Extracted data entries:
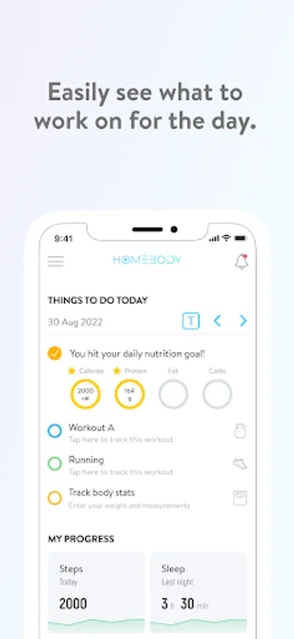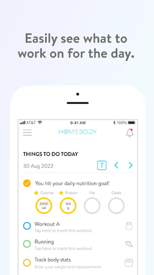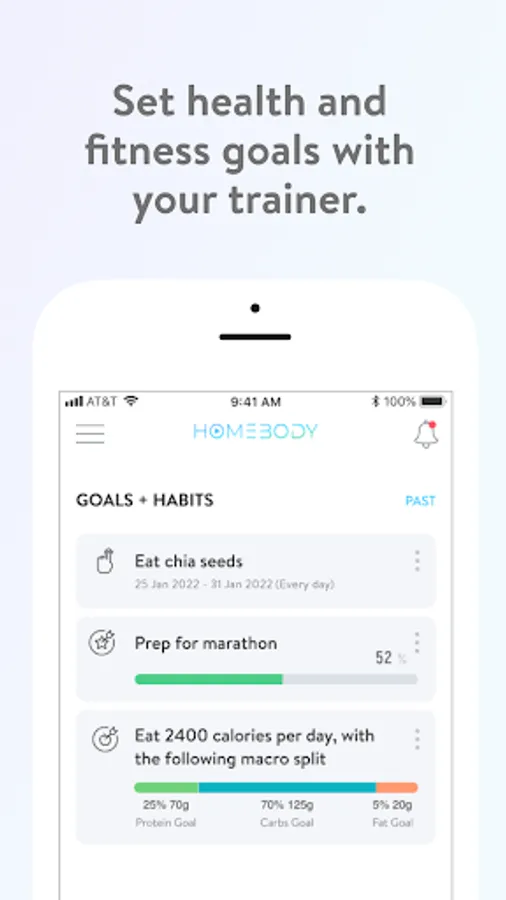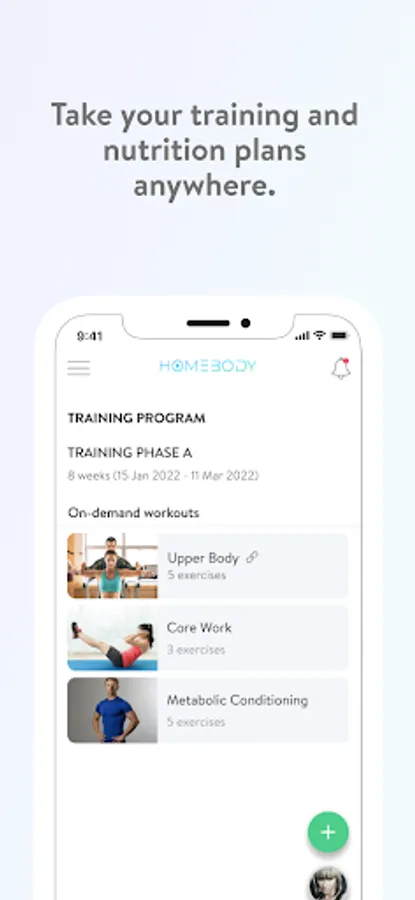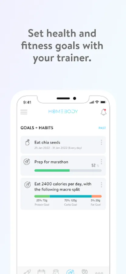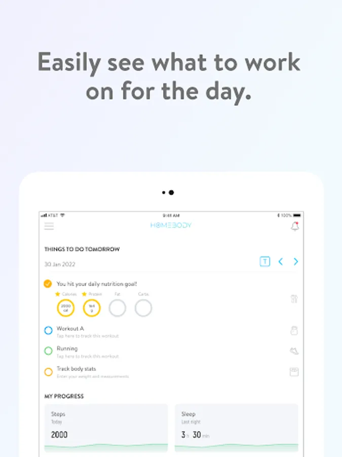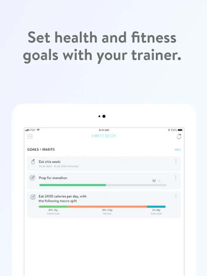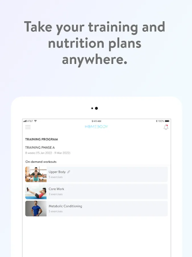 With the HOMEBODY App, you will have access to workout programs designed specifically to help you reach your fitness and health goals! You can follow & track your workouts, your nutrition, your lifestyle habits, measurements and results–all with the help of your coach.
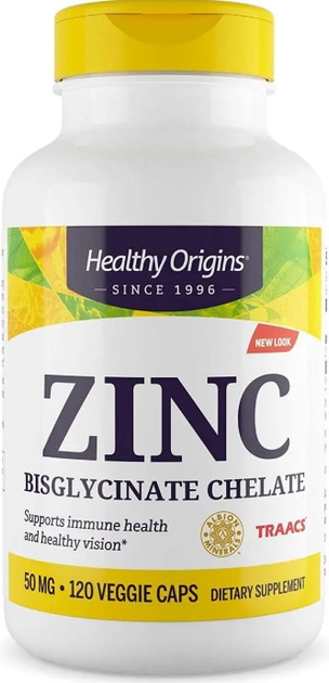 Цинк бісгліцинат Healthy Origins Zinc 50 мг 120 капсул в упаковці (ARE-573849)
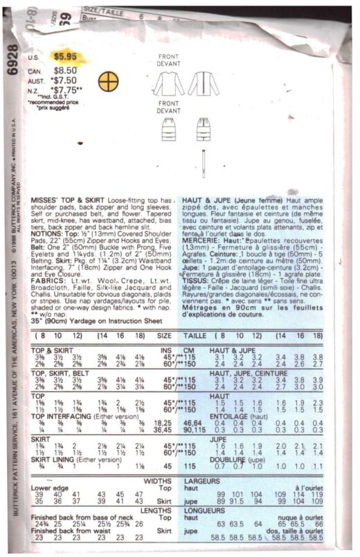 Butterick 6928 Top, Skirt Size: 8-10-12 Uncut Sewing Pattern
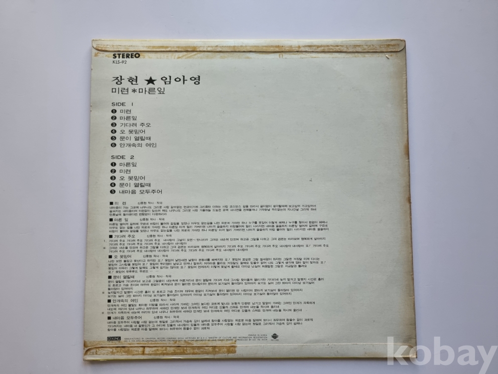 한국 가요사의 전설적인 음반중 하나인 장현.임아영의 1974년 유니버샬 초반입니다.
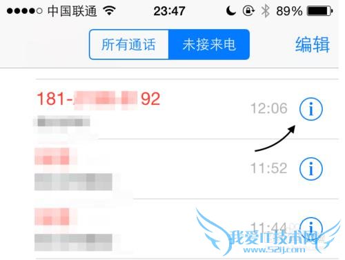 2、这里以未接电话中的号码为例,点击号码右侧的“叹号”图标,如图所示
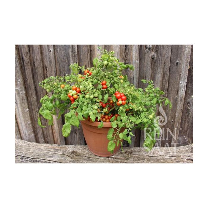 Krachtige, robuuste en vroegrijpe hangmand- of balkontomaat met compacte groei tot 50 cm hoog. Eén plant produceert massa's kleine, rode, ronde kerstomaatjes met een pittige, aromatische smaak. Ideaal om te snoepen. Geen dieven nodig.
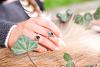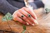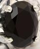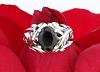 Der große, schwarze Schmuckstein hat einen zauberhaften Schliff und wird von einem Muster aus Silber-Blättern gehalten.
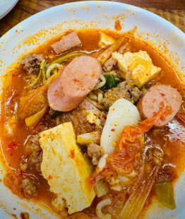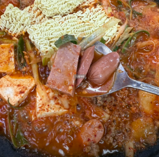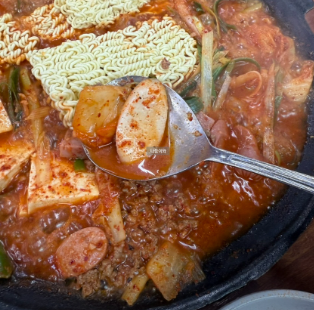 - 밥 위에 국물을 듬뿍 적신 햄과 김치를 올려 비벼 먹는 것이 의정부부대찌개의 별미입니다.
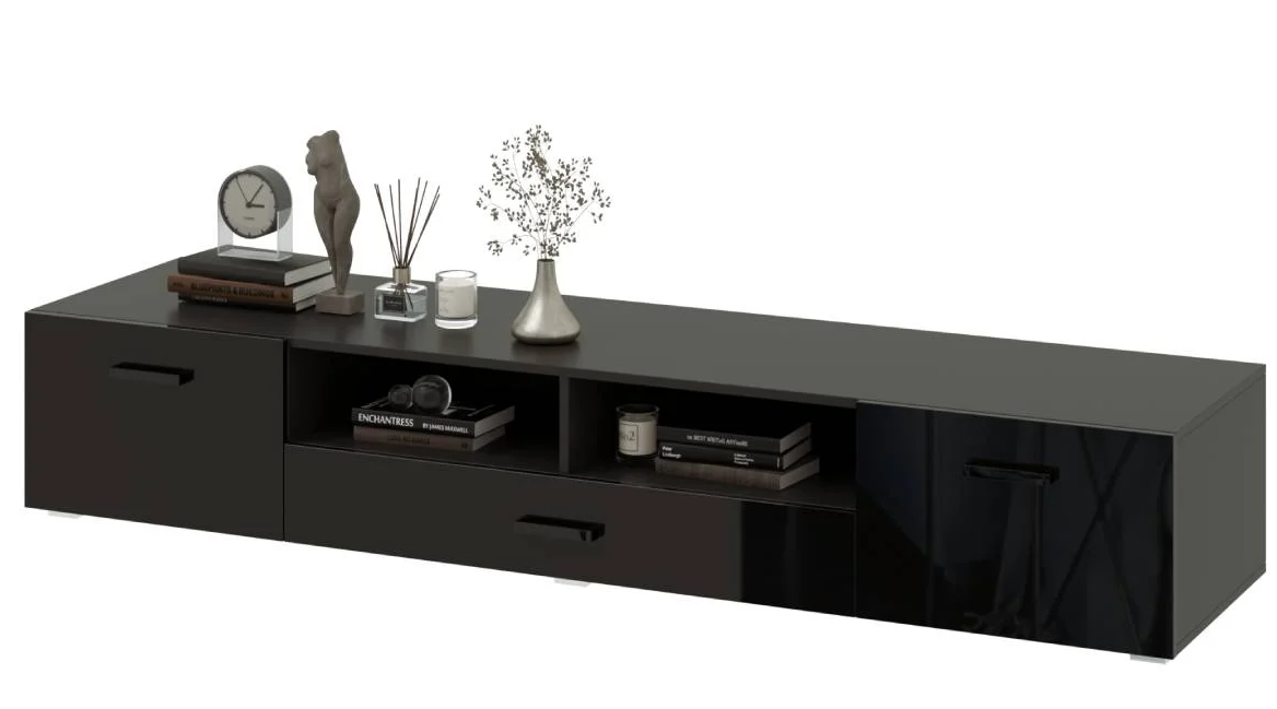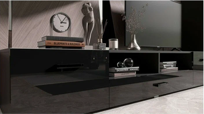 Тумба ТВ Николь в черном глянцевом исполнении - это стильное и функциональное решение для вашей гостиной. Черный цвет глянцевой отделки создает элегантный и современный вид, который идеально впишется в любой интерьер. Тумба ТВ Николь обеспечит вам удобное размещение телевизора и другой аудиовизуальной техники, а также предоставит место для хранения различных предметов. Кроме того, благодаря своей компактной конструкции, она поможет оптимизировать использование пространства в вашей гостиной.
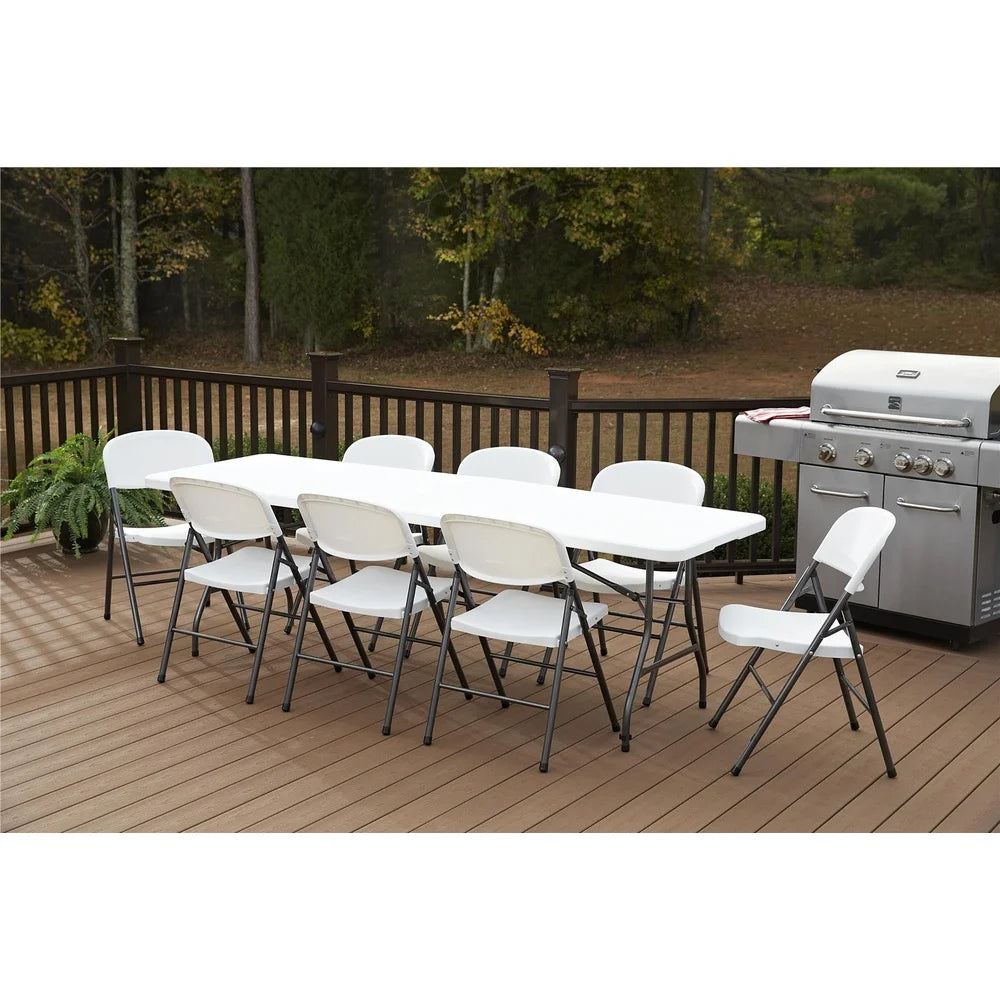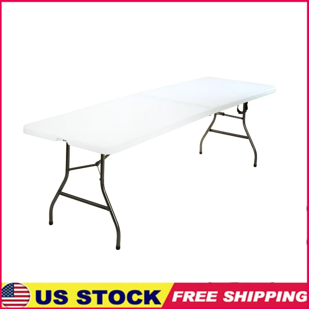 8 Foot Folding Table Waterproof Centerfold Design Heavy Duty Steel Frame Easy Clean Indoor Outdoor Use Portable Space Saving
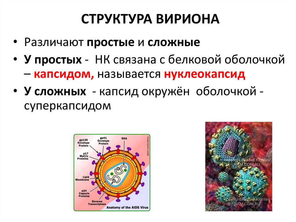 (простые и сложные вирусы)
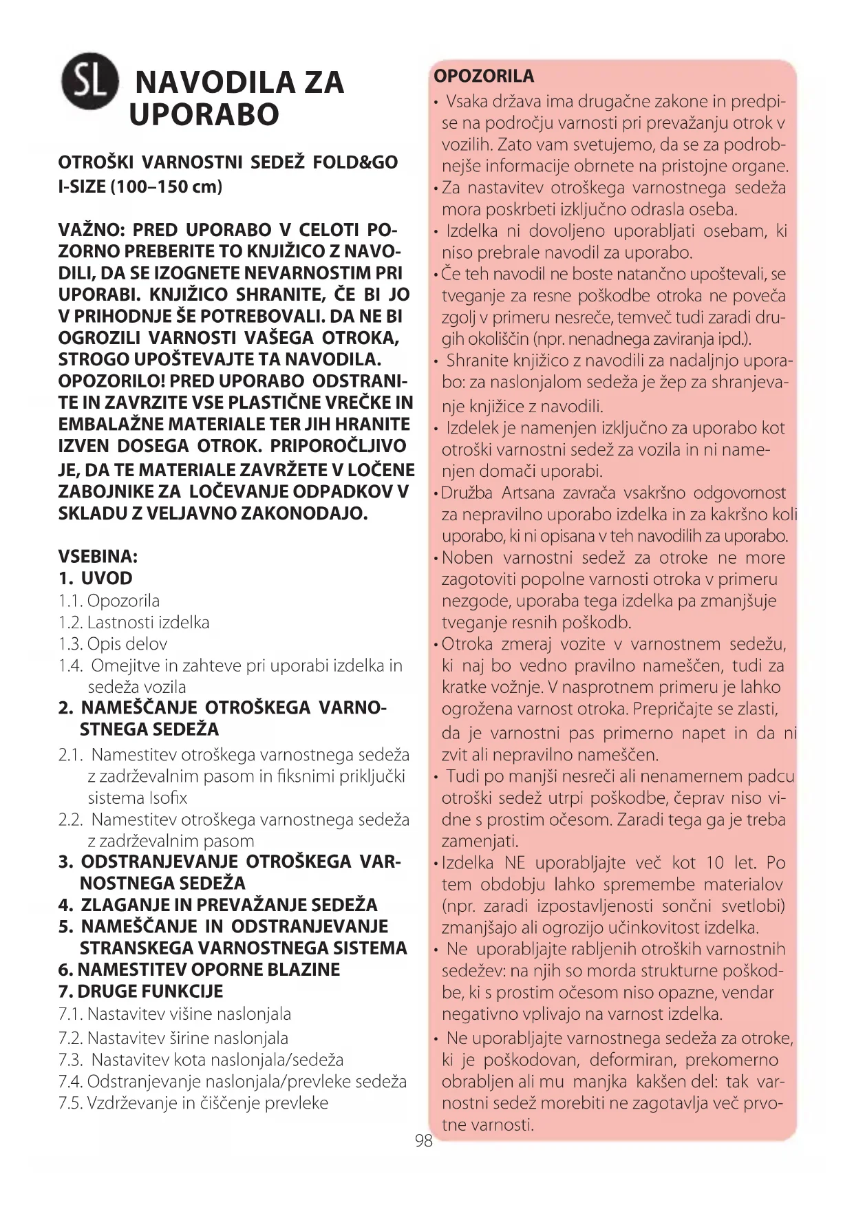 - Izdelek je namenjen izključno za uporabo kot otroški varnostni sedež za vozila in ni name- njen domači uporabi.
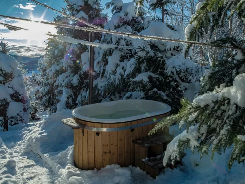Jacuzzi to za mało? Żaden problem – mamy coś naprawdę ekstra. Co powiesz na kąpiel w bąbelkach z widokiem na ośnieżone Tatry? ⛰️ Brzmi magicznie, prawda? Takie atrakcje zapewni domek w górach z balią.
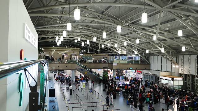 金海机场的航站楼分为国内线和国际线,从国际线到国内线的中间是一段马路,步行10分钟就可以到达航站楼,在这里还可以看到飞机起降的瞬间。
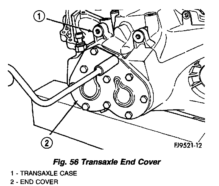 13. Apply Mopar(R) RTV sealant to end-cover outer edge and around bolt holes. Install end-cover onto gear case. Tighten end cover bolts to 29 Nm (21 ft. lbs.) torque (Fig. 56).
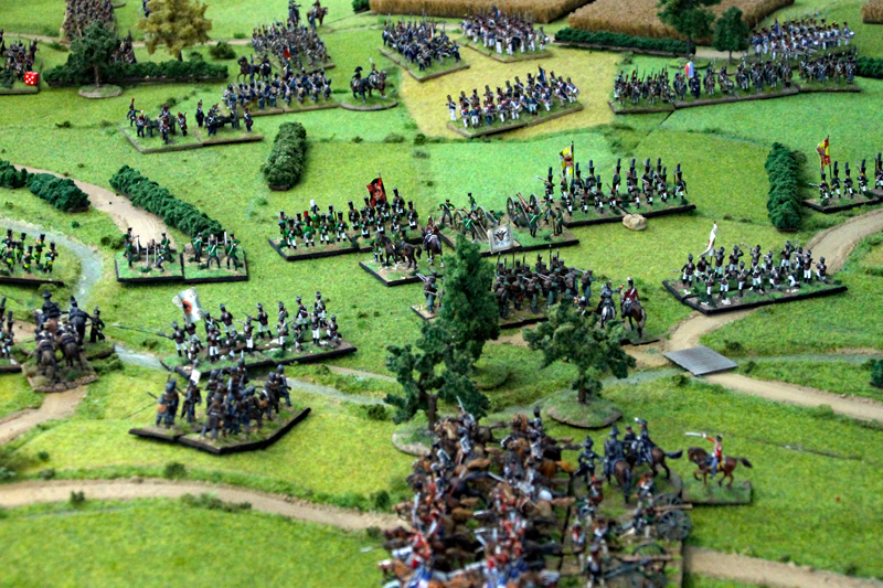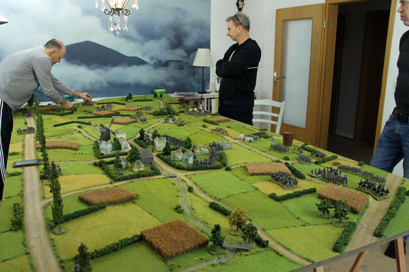 Ein super schöner Tag, es hat viel Spaß gemacht. Tatsächlich ging es viel mehr um Bewegung als um Nahkampf, aber es war gut auch so eine Gelegenheit zu bekommen um das zu testen. Leider waren die Ankommen-Punkte für den Rest der französische Armee ungünstig ausgewürfelt und das hat einfach Zeit gekostet um alle in die richtige Stelle zu bringen. Visuel aber war es wunderschön, besser gesagt -> die Kinderträume werden wahr! 🙂
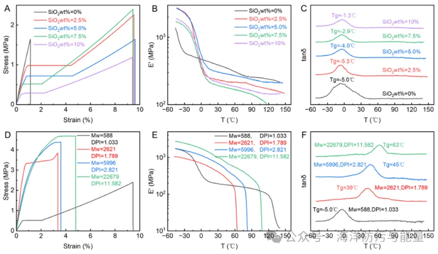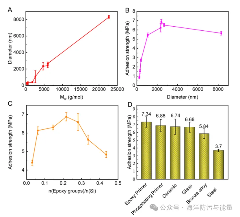 涂层的制备: 将MPDMS(0.07mol,12.74g)、DMES(0.03 mol,4.44g)、KH560(0.04mol,9.44g)和TEOS(0.0446 mol, 7.94 g)在三颈烧瓶(250 mL)中混合。随后,将SiO2NPs(2.6g)和四 甲基氢氧化铵(0.1mL)共同添加到烧瓶中后,在连续搅拌下逐滴添加去离子水(90mL)。逐渐升温至80°C,搅拌24h,再升温至135°C,搅拌4h,使催化剂热解,蒸馏除去体系中的水。最后,将反应冷却至室温,得到透明粘稠液体,命名为PEMPS。 PEMPS和APTES的细致缩合反应配制而成的聚硅氧烷涂层被命名为PEMPSc。在典型的制备中,PEMPS (10.0g)和 APTES (2.5g)溶解在丁醇中,并使用磁力搅拌器充分混合15分钟。随后,通过喷涂将PEMPSc涂层涂覆到各种基材上。然后使涂覆的基材在室温下固化2小时,从而形成纳米复合材料涂层。 方案1. 步骤1)合成环氧聚硅氧烷纳米胶束的示意图,步骤2)交联过程的示意图,步骤3)PEMPSc的多功能 PEMPS的表征: PEMPS是通过水滴定乳液聚合技术合成的,其化学成分通过图1和2所示的1H NMR和FTIR分析进行了验证。分别如图1A和1B所示。1H NMR 谱(图1A)在 0.014ppm (a) 和 0.31ppm (c) 处显示出明显的峰,表明 Si‐Me 基团内存在‐CH3部分。此外,0.087ppm(b)、1.62–1.42ppm(d)、2.05 ppm(e)、3.67ppm (f) 和4.7ppm (g)处的峰对应于环氧丙基中的‐CH2‐和‐CH‐片段,而7.44–7.41 ppm (h)和 7.64 ppm 处的峰对应(i)归因于苯基。PEMPS的FTIR光谱(图1B)以及KH560、MPDMS、DMES和TEOS的FTIR光谱显示了几个特征峰,进一步验证了其成功合成。3070至3800cm-1之间的宽峰带表示PEMPS中存在的‐OH、C‐O‐C‐和环氧基团的伸缩振动。830cm-1处的弱峰对应于环氧基团的弯曲振动。此外,2960、2870和1380cm-1处的峰代表Si‐Me键的伸缩振动,而2930、2850和1465cm-1 处的峰则与‐CH2‐基团相关。PEMPS的Si‐Ph伸缩峰在3070、1600和 1500cm-1处很明显。C‐O‐C对称拉伸峰出现在1103cm-1处,跨越1000‐1100cm-1的宽峰带表明PEMPS中的Si‐O‐Si弯曲峰。这些光谱特征证实了PEMPS的成功合成。 图1.A)PEMPS的1H核磁共振 B)PEMPS的红外透射光谱 附着力测试: 图2阐明了分子量与其对PEMPS颗粒尺寸以及涂层附着力的影响之间复杂的相互作用。当分子量(Mw)在约300至6000g/mol范围内时,附着力表现出正比关系,PEMPS对环氧底漆的附着强度0.87±0.13MPa上升至7.34±0.18MPa,比PDMS提高了十倍。然而,观察到了一个阈值,超过该阈值,过高的分子量会略微降低粘附力。与此同时,分子量的增加不可避免地导致聚硅氧烷胶束粒径的增大,如图2B所示;粒径对涂层的影响如图1A所示。 聚硅氧烷具有最高的分子量,并形成初始的高强度网络,分子量似乎可以根据粘合‐内聚平衡显示最佳位置。低于Mw ≈ 5996g/mol,没有足够的内聚力来产生最强的粘附力。当超过Mw≈6060g/mol时,内聚力的增加是以表面粘合相互作用为代价的。图2C揭示了环氧基含量与聚硅氧烷涂层附着力之间的抛物线关系,在环氧基含量为0.23(M/M)时峰值为6.88MPa。粘合强度的增强可能归因于环氧基团和极性基材之间氢键的形成。随着环氧基团数量的增加,PEMPS的扩散能力逐渐减弱,导致粘合强度和内聚力均失效。 图2D进一步强调了PEMPS在不同基材上的卓越粘合强度,包括环氧底漆(~7.34MPa)、磷化底漆(~6.88MPa)、陶瓷(~6.74MPa)、玻璃 (~6.68MPa)、青铜合金(~5.84MPa)和钢(~3.7MPa)。除了氢键外,涂层不仅可能通过PEMPSc的环氧基团与环氧底漆、磷化底漆、 陶瓷或玻璃上的羟基之间的反应以共价键结合到基材上,而且还增强了与基材的相互渗透,产生机械互锁结构,进一步增强了附着强度。对于青铜合金,由于Cu和环氧基团之间形成配位键,结合强度进一步提高。该涂层对钢的附着强度较低(~3.7MPa),因为PEMPSc和钢表面之间仅存在氢键。 图2.(A)PEMPS重量平均分子量与粒径的关系,PEMPS(B)和环氧基团(C)中粒径对涂层附着强度的影响,(D)PEMPSc在各种表面上的附着力表现 PEMPS既含有疏水基团(Si‐Me)又含有亲水基团(环氧基)。图3表示Si‐Me基团的比例增加,由于疏水元素的增加,表面能减小,但环氧基团产生了抵消影响,如图3B所示。通过巧妙地平衡这两个官能团的含量,聚硅氧烷涂层在强附着力和疏水性方面均表现出色。图3C显示PEMPSc上液滴的动态行为,水滴很容易从倾斜的涂层上滑落,表明涂层具有优异的防水性能。 图 3. PEMPSc 的 WCA、DCA 和表面能 (A,B),以及 PEMPSc 的防水性 (C) 不同SiO2NPs含量的样品拉伸性能的变化如图4A所示。与不含SiO2NPs的样品相比,复合PEMPSc涂层(SiO2NPs改性)的模量降低,而断裂伸长率和断裂强度增加。这表明SiO2NPs填充了微孔和缺陷,降低了涂层的内应力,从而提高了其韧性。当SiO2NPs含量增加到7.5 wt%时,样品的这些性能达到最佳状态。这可以归因于随着SiO2NPs含量的增加交联密度发生变化。纯的PEMPS和用SiO2NPsPEMPSc改性的储能模量如图4B所示。PEMPSc的玻璃化转变区域 (Tg) 发生在5和1.3°C之间 (图4C)。PEMPSc的储能模量随着SiO2NPs的加入而降低。这是因为聚硅氧烷分子之间的相互作用并未受到SiO2NPs掺入的影响,保持了分子链的活性,因此PEMPSc的Tg没有发生显着的改变。图4(D‐F)说明了不同相对分子量及其分布对涂层机械性能的影响。具体来说,当SiO2NPs含量为7.5wt%时,随着PEMPS分子量 (Mw) 的增加,观察到涂层的韧性、储能模量和Tg显着增强。这种现象源于PEMPS的Mw与其分子链之间的缠结密度之间的正比关系。 图 4. 聚硅氧烷涂层的动态力学分析:A‐C:SiO2NPs 含量的影响 D‐F:相对分子量及其分布的影响 图5封装了裸青铜、环氧底漆涂层青铜和PEMPSc/环

■ Your instructions
Return only the part above that opens with the line containing "Der große, schwarze" and closes with the line containing "(простые и сложные вирусы)", exactly and with both ends, skipping the pictures.

■ Result
 Der große, schwarze Schmuckstein hat einen zauberhaften Schliff und wird von einem Muster aus Silber-Blättern gehalten.
 - 밥 위에 국물을 듬뿍 적신 햄과 김치를 올려 비벼 먹는 것이 의정부부대찌개의 별미입니다.
 Тумба ТВ Николь в черном глянцевом исполнении - это стильное и функциональное решение для вашей гостиной. Черный цвет глянцевой отделки создает элегантный и современный вид, который идеально впишется в любой интерьер. Тумба ТВ Николь обеспечит вам удобное размещение телевизора и другой аудиовизуальной техники, а также предоставит место для хранения различных предметов. Кроме того, благодаря своей компактной конструкции, она поможет оптимизировать использование пространства в вашей гостиной.
 8 Foot Folding Table Waterproof Centerfold Design Heavy Duty Steel Frame Easy Clean Indoor Outdoor Use Portable Space Saving
 (простые и сложные вирусы)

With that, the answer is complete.